Share your dilemmas and get honest opinions from other Mumsnetters.

To feel so excluded

266 replies

LucyD30 · 28/07/2023 23:20

So I work in an office in a team of 7 (at my particular office). The company is quite big - 4 or 5 offices with maybe 150 employees per office. My team are really close. We all get on really well and there is lots of banter. I’ve always felt like an outsider - not sure why - maybe because I’m part-time. I have just never felt like I fitted in. However we all have a laugh and I thought I was liked and quite a valued member of the team.
A few months ago I found out that another member of staff, who is in a different team to me but sits near us, has organised a regular meal out. I think a while ago it was only a few people who went but it has evolved over time. It has now got to the point where everyone in my team is invited except me. On the day when the meal takes place they all talk about it in front of me. The lady who organises it has always been really friendly towards me and I can’t think why I’ve been excluded. This afternoon was so humiliating as I was sat there while they were all talking about who to share lifts with and who was going back to whose house after work etc.
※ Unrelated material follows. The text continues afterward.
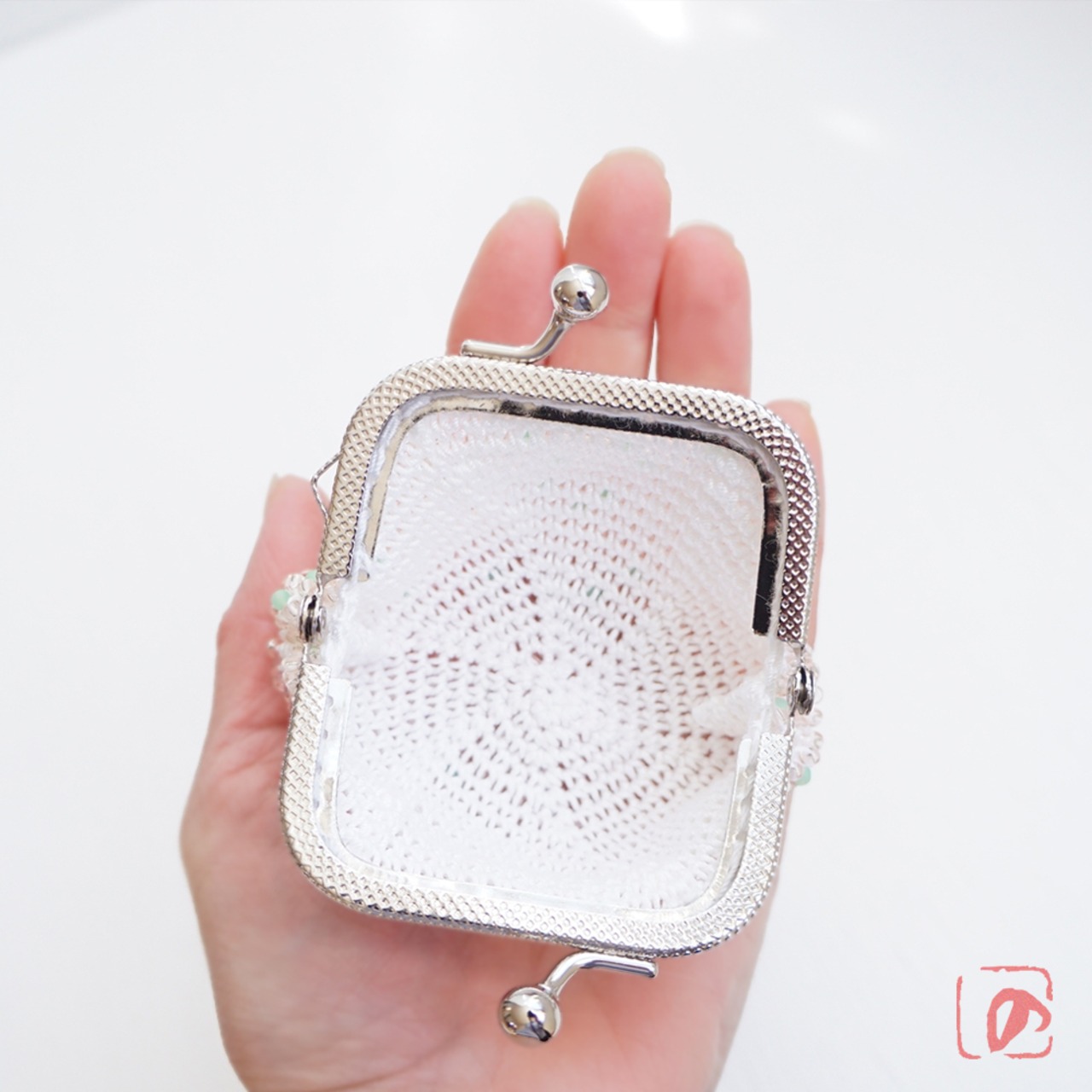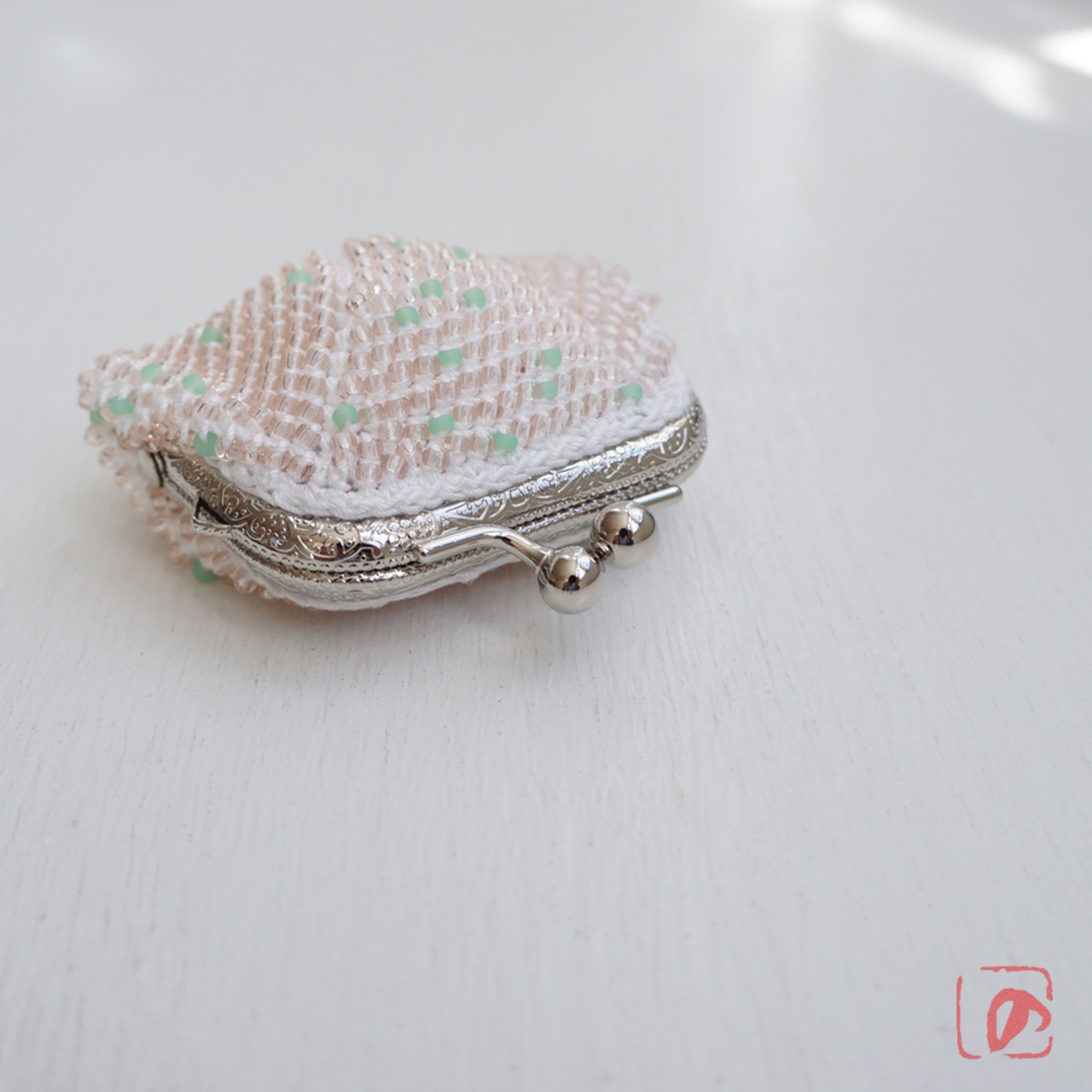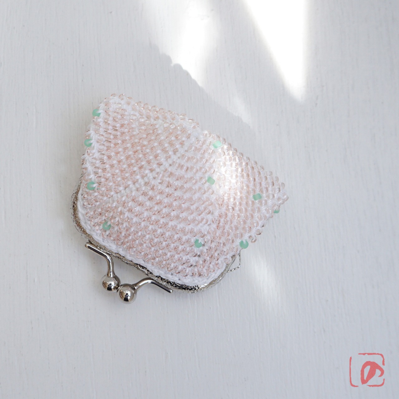 3mmのガラスビーズをひとつぶづつ編み込んだがま口です。

I just sat there feeling so embarrassed- I didn’t know where to look. It’s put me in such a weird mood. I really thought I had a good working relationship with these people. We are an open plan office and so I didn’t have the guts to confront all of them. I just don’t know how to approach this.
i messaged my colleague to apologise for being distant and explained that I felt really excluded and embarrassed but she didn’t organise it and was trying to be discreet at least - and I don’t blame her for it. It just makes me dread going in.
should I have a quiet word with the lady who organises this? Or my boss? I shouldn’t feel like I’m choking back the tears every month when they do this but on the other hand I would hate to be invited out of pity.
i really didn’t think something like this would upset me this much!

OP posts:
PerspiringElizabeth · 29/07/2023 10:12

Why didn't you just say 'oh what's this you're talking about? Can I come?' - I wouldn't automatically assume i'd been deliberately excluded?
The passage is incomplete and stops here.